Hesaplamalı depolama veri işleme taleplerini karşılayacak mı?


Veri depolama ve veri işleme her zaman ayrı işlevler olmuştur, ancak ya bunlar birleştirilip çok daha iyi performans elde edilebilse? Hesaplamalı depolamanın vaadi budur.

Medya değişse ve kapasite artsa da veri depolamanın temel işlevi onlarca yıldır değişmeden kaldı. 1980’lerin manyetik disk sürücüleri ve bantları çoğu zaman günümüzdeki flash depolamayla aynı işlevi ve aşağı yukarı aynı mimariyi yerine getirir.
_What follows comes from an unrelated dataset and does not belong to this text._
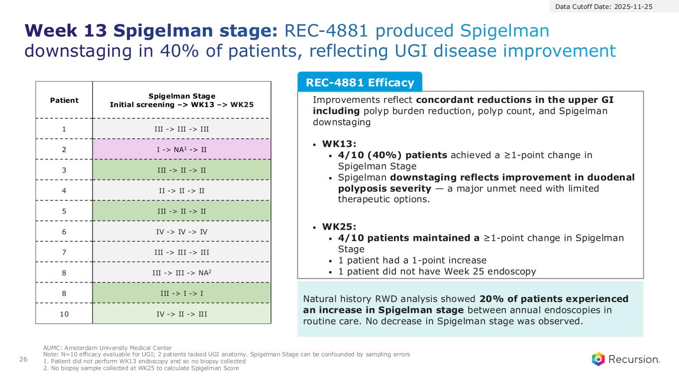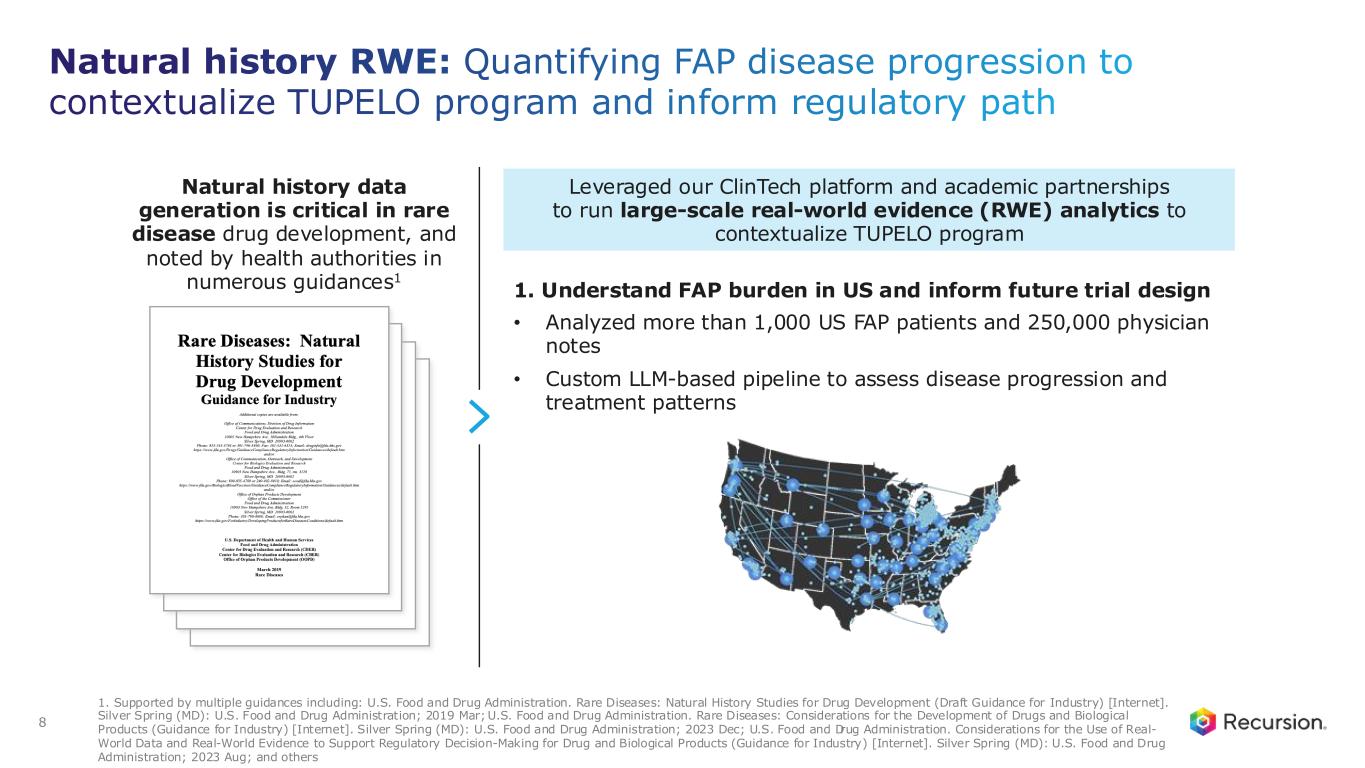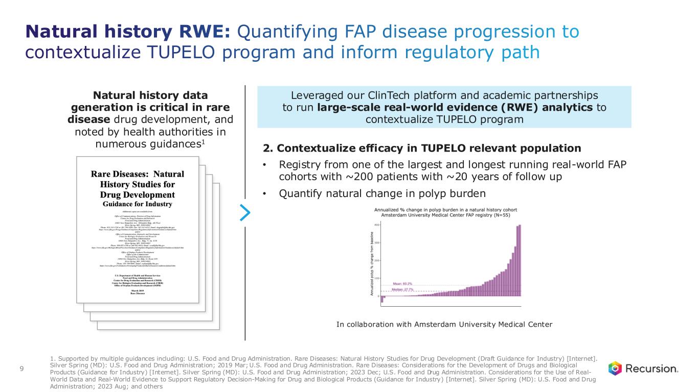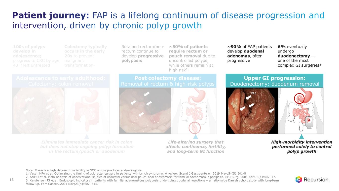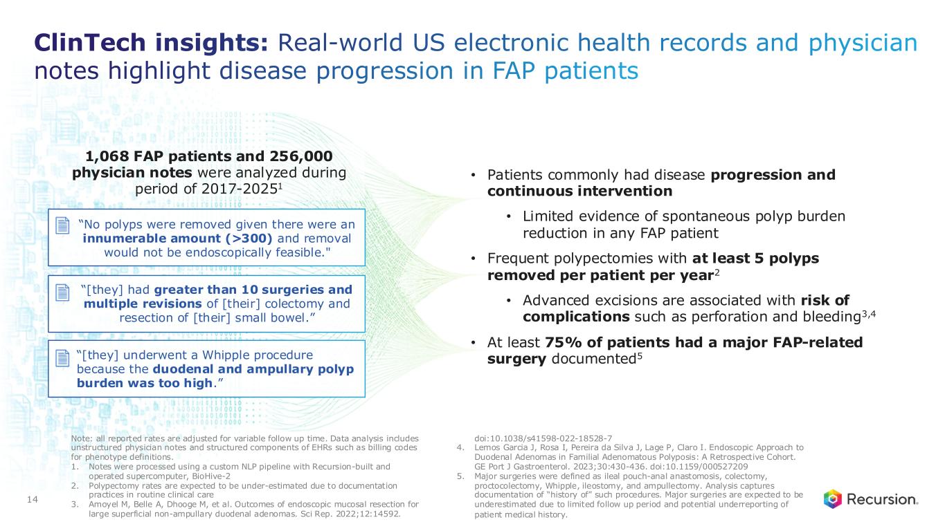 Today, the Company is using the Recursion OS 2.0 platform—including proprietary ClinTech capabilities of large-scale real-world evidence (RWE) analytics—to further advance the REC-4881 program. This includes a comprehensive natural history collaboration with Amsterdam University Medical Center, home to one of the largest and longest-running FAP registries, as well as analysis of more than 1,000 US FAP patients and 250,000 physician notes processed through Recursion’s custom LLM-based pipeline. Together, these data reinforce the relentlessly progressive nature of FAP, highlight the absence of spontaneous polyp regression, and demonstrate the substantial burden of repeated polyp-removal procedures and major surgeries experienced by real-world patients.

Ancak hesaplamalı depolama, depolama ve veri işlemeye yaklaşımımızı yeniden tanımlayacak şekilde ayarlanmıştır. Peki potansiyel faydaları ve zorlukları nelerdir?

Veri işleme, tipik olarak, depolama cihazına geri yazmadan önce, giriş/çıkış (G/Ç) köprüsü boyunca küçük gruplar halinde depolama aygıtından işlemciye veri hareketini içerir. Ancak G/Ç kanalı genellikle depolamaya daha yakın yerlerde elde edilebilecek veri aktarım hızlarından daha yavaştır. Bu, verilerin işlenme hızını yavaşlatır ve darboğazlara neden olur.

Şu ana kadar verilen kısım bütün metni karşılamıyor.